Thursday, October 12, 2017

Maryland Rolls Out New Nutrient Trading Regs

 The Maryland Department of the Environment has proposed regulations to establish the Maryland Water Quality Trading Program and accelerate the restoration of the Chesapeake Bay while bringing economic benefits to Maryland. The regulations are proposed under Maryland environmental law to ensure enforcement and accountability under the federal Clean Water Act.

The proposed regulations are designed to provide greater flexibility and reduce costs in achieving Maryland’s goals under its blueprint to meet federal pollution limits for the Bay. The voluntary program would establish a marketplace for private sector participation in meeting Bay cleanup goals.
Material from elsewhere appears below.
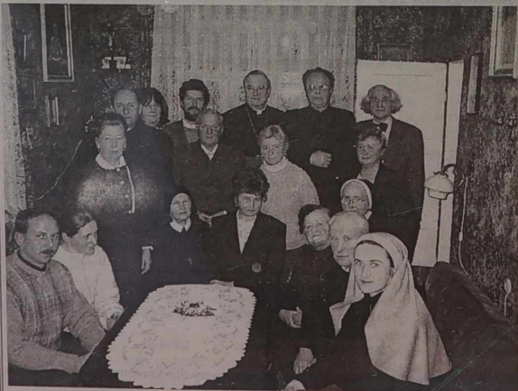
Pamiętkowe zdjęcie z Jego Ekscelencją

Rycerstwa Niepokalanego przy parafii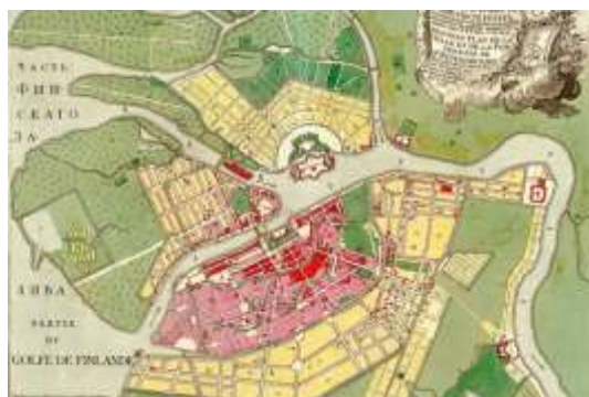
شکل 2: پلان شهر سن پترزبورگ الهام گرفته از باغ ورسای

ایده های باروک بر پلان خیابان ها و حومه برخی از شهرها تاثیر گذاشت. در فراسکاتی در خارج از رم؛ در ورسای در خارج از پاریس؛ در پوتسدام خارج برلین؛ در همپتون در خارج از لندن؛ در پترهوف خارج از سنت پترزبورگ. دوره اولیه باروک در ایتالیا اتفاق افتاد، اوج این دوره در فرانسه و دوره متاخر آن در سراسر اروپا با لحجه های مختلف به وجود آمد. همچنین این سبک تاثیر زیادی بر شهرهای سرمایه دار مثل رم، پاریس، برلین و واشنگتن دی سی و همچنین استراحتگاه هایی مثل ورسای، پوتسدام، سن پترزبورگ و آرانجوز گذاشت.

Nutrient and sediment credit trading offer attractive alternatives to more costly traditional approaches for improving water quality and have the potential to achieve results more quickly and at a lower cost, accelerating efforts to restore and improve water quality. The trading program that would be established by the proposed regulations expands opportunities for all sources by giving them access to a water quality marketplace and flexibility in meeting and maintaining their pollution limits by acquiring credits generated from load reductions in local watersheds in Maryland’s portion of the Chesapeake Bay watershed.
. . .
The Maryland Water Quality Trading Program will allow agricultural sources that have reduced their pollution beyond the required “baseline” to produce credits that can be purchased by counties or municipalities to meet Bay cleanup requirements to reduce polluted stormwater runoff. The cost of reducing nitrogen could be as low as $200 per pound in the agriculture sector, compared to an estimated $3,800 per pound for urban retrofits to reduce stormwater runoff.
So really, this allows the relatively clean agriculture industry to sell their cleanliness to the dirty cities like Baltimore instead of cleaning up their own shit. I approve of the idea in principle, but we are constantly being bombarded with "news" about how dirty agriculture is, and how hard the cities are trying to get their shit together, when the truth is approximately the direct opposite.
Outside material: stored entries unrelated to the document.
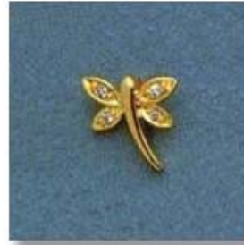
L-1070 0,03гр. Ø1,0-2шт.; Ø1,3-2шт.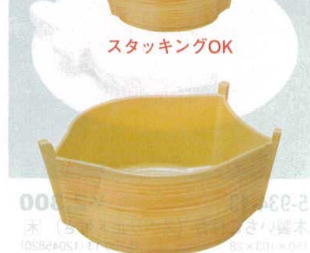
5-935-8 ¥1,500 回転寿司皿用高台舟 白木 [A] 158×122×67 3-701-12 (13000228)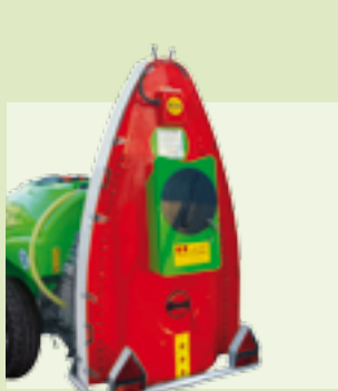
TORRE 32" - 180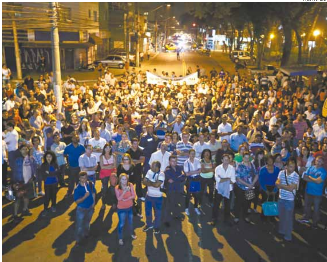
Rejeição - Sindicato e associações rejeitaram primeira proposta do regime apresentada pelo governo municipal

A lei que regulamentará o estatuto deverá ser encaminhada à Câmara para aprovação até setembro, visto que a meta do Executivo é que todo servidor público esteja dentro do novo regime até o dia 1º de janeiro de 2016.

Praise was not exactly universal:
 Officials with the Chesapeake Bay Foundation, a nonprofit that advocates for bay restoration, said the regulations are an important step but have some flaws they believe should be fixed.

For example, credits can be traded within three regions: the Potomac River watershed, the Patuxent River watershed and a third area that includes the rest of the Western Shore, Eastern Shore and the Susquehanna River.
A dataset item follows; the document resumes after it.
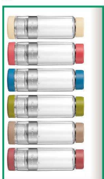
※お開きのタンナーは選択できません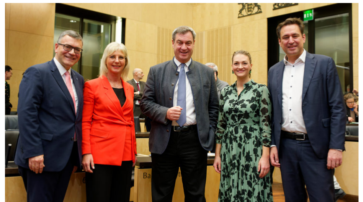
Sitzung des Bundesrates am 24. November 2023

Bayerischer Antrag für dauerhafte Senkung der Gastronomie-Steuer / Wachstumschancengesetz / Kindergrundsicherung / Rückführungsverbesserungsgesetz

Doug Myers, a senior scientist at the bay foundation, said that third region is just too big, creating the possibility that polluters in one area could buy a lot of credits from areas across the bay — and still allowing localized pollution.
An excellent point. The urban pollution is concentrated in three areas, Washington D.C., Baltimore, and the Virginia Beach/Norfolk area. The agriculture is located a fair way outside these areas. If trading allows continued nutrient input in the urban centers, the waterways nearby will continue to be sewers.